**DATASET CONTENT**.
● ● ● ● ● ● ●
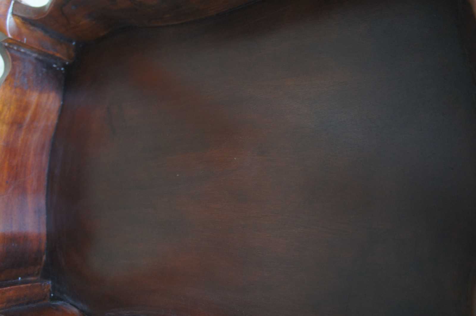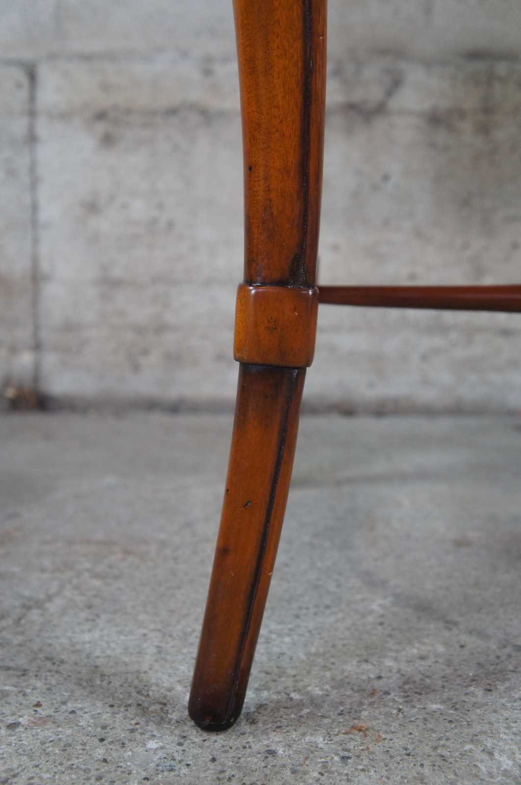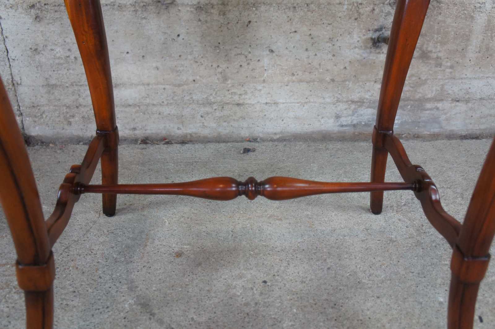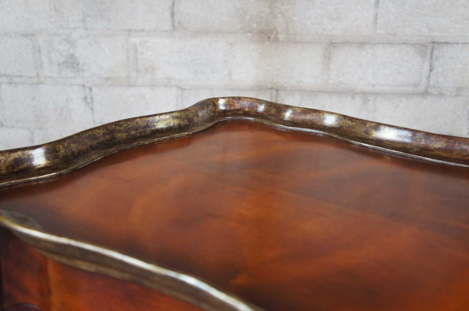 A stunning French inspired accent table. Made from walnut with an inset matchbooked top featuring a patinated brass scalloped edge. The table is supported by long cabriole legs connected by a serpentine H stretcher with brass button and turned central post. Attributed to Theodore Alexander.
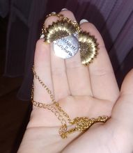 Подвески красивые, красивого золотого цвета. Цепочка тонковата но надеюсь не порвётся. Из минусов хочу отметить что цветок не закрывается полностью. В целом товаром довольна, доставка 3 недели.
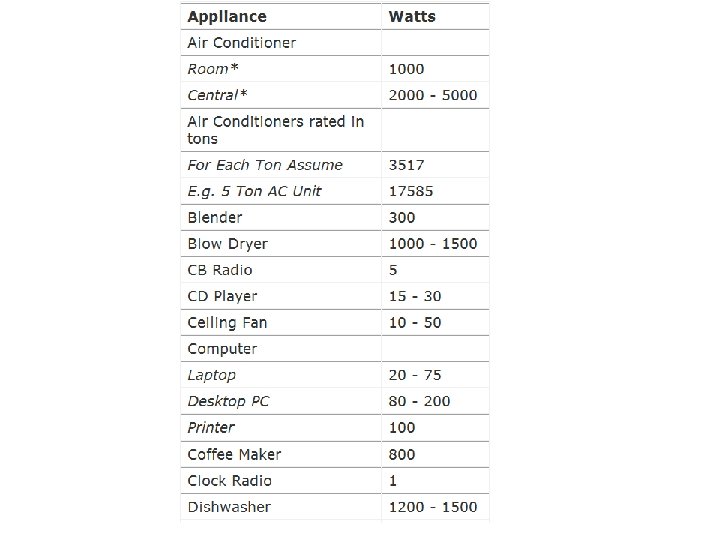 Imagine an appliance with 200 volts and 1. 5 amps of current. What is the power? Power = voltage x current Power = 200 volts x 1. 5 amps Power = 300 WATTS
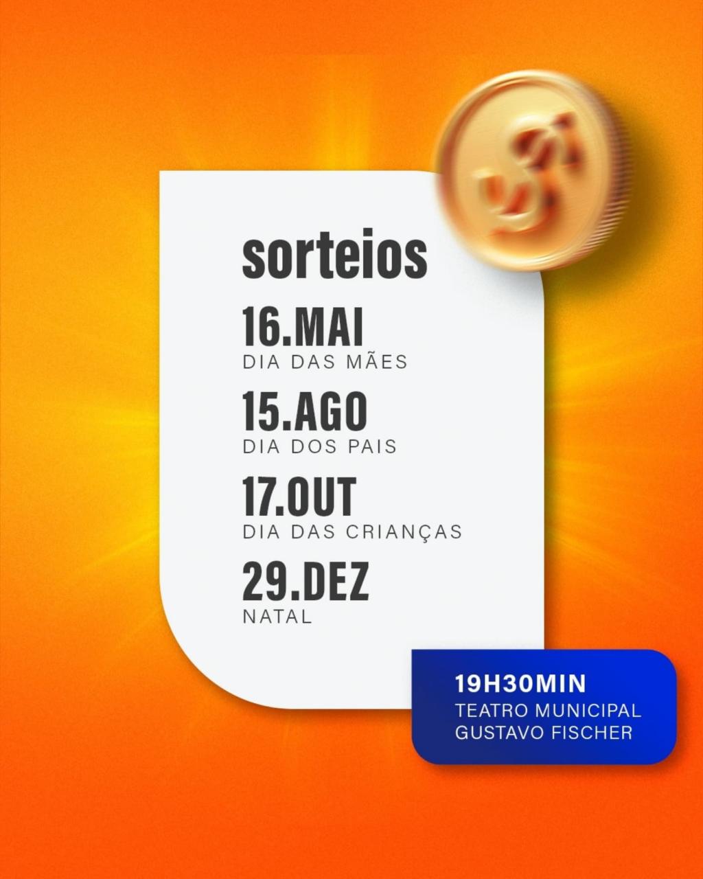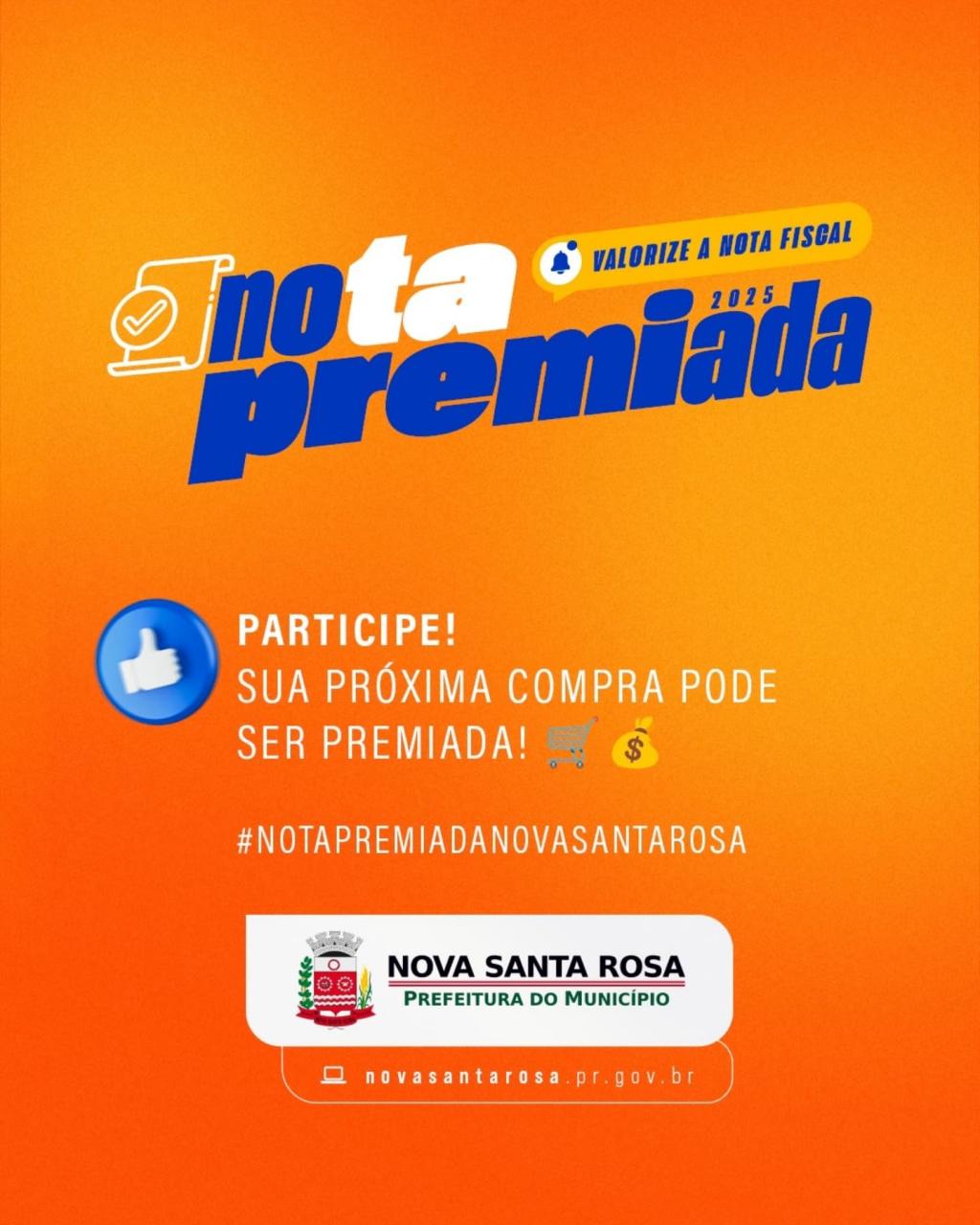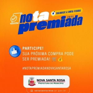 A Prefeitura de Nova Santa Rosa, por meio da Secretaria de Indústria, Comércio e Turismo, informa que o primeiro sorteio de 2025 da Campanha Nota Premiada – Valorize a Nota Fiscal, compre no comércio de Nova Santa Rosa e concorra a prêmios - ocorrerá no dia 16 de maio, alusivo ao Dia das Mães. Haverá ainda sorteio do Dia dos Pais, Dia das Crianças e Natal.
● ● ● ● ● ● ●
**YOUR OBJECTIVE**.
Please output the data above exactly as given, omitting every picture.

**ANSWER SECTION**.
 A stunning French inspired accent table. Made from walnut with an inset matchbooked top featuring a patinated brass scalloped edge. The table is supported by long cabriole legs connected by a serpentine H stretcher with brass button and turned central post. Attributed to Theodore Alexander.
 Подвески красивые, красивого золотого цвета. Цепочка тонковата но надеюсь не порвётся. Из минусов хочу отметить что цветок не закрывается полностью. В целом товаром довольна, доставка 3 недели.
 Imagine an appliance with 200 volts and 1. 5 amps of current. What is the power? Power = voltage x current Power = 200 volts x 1. 5 amps Power = 300 WATTS
 A Prefeitura de Nova Santa Rosa, por meio da Secretaria de Indústria, Comércio e Turismo, informa que o primeiro sorteio de 2025 da Campanha Nota Premiada – Valorize a Nota Fiscal, compre no comércio de Nova Santa Rosa e concorra a prêmios - ocorrerá no dia 16 de maio, alusivo ao Dia das Mães. Haverá ainda sorteio do Dia dos Pais, Dia das Crianças e Natal.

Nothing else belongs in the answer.